**Collected material**:
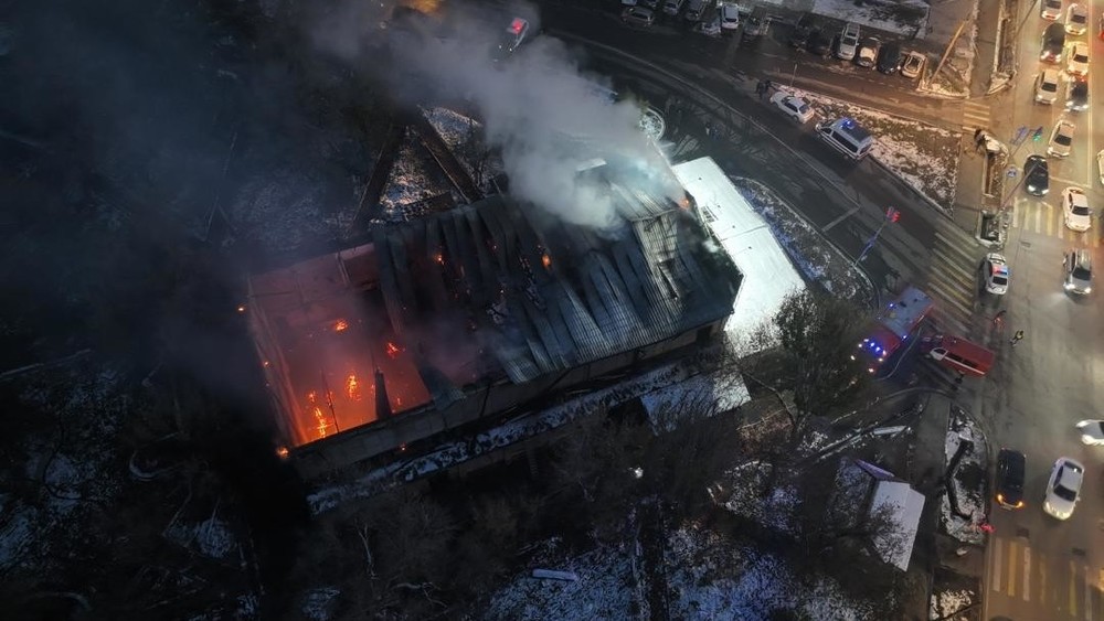 Пожар в здании бывшего кинотеатра «Чатыр-Куль». На месте работают 4 пожарных расчета
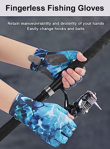 Click for More Images Fingerless Design - Our fishing gloves retain manoeuvrability and dexterity of your hands to easily change hooks and baits. These fingerless gloves are suitable for fishing, kayaking, hiking, paddling, rowing, driving,...
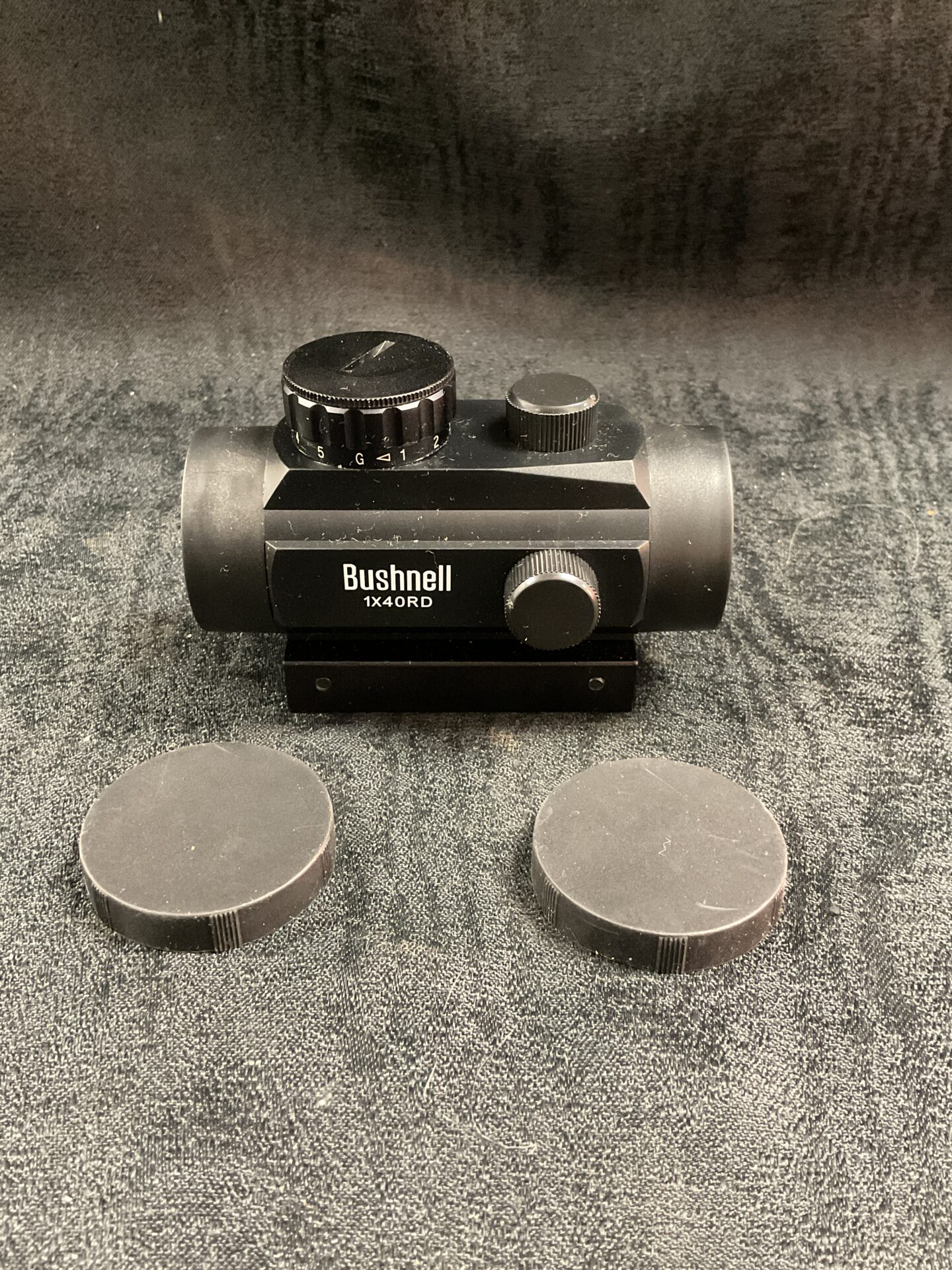 This Bushnell 1x40RD sight appears to be in good condition, showing minimal signs of wear. The lenses are clear, and the adjustments function smoothly. This optic would be a great addition to any rifle setup, offering improved accuracy and speed. It’s a practical and reliable choice for hunters, sport shooters, and tactical enthusiasts alike.

**Task instructions**:
Please give again, word for word, the lines from the one containing "Click for More" through the last line of the listing above, inclusive, and leave out pictures.

**Result of the task**:
 Click for More Images Fingerless Design - Our fishing gloves retain manoeuvrability and dexterity of your hands to easily change hooks and baits. These fingerless gloves are suitable for fishing, kayaking, hiking, paddling, rowing, driving,...
 This Bushnell 1x40RD sight appears to be in good condition, showing minimal signs of wear. The lenses are clear, and the adjustments function smoothly. This optic would be a great addition to any rifle setup, offering improved accuracy and speed. It’s a practical and reliable choice for hunters, sport shooters, and tactical enthusiasts alike.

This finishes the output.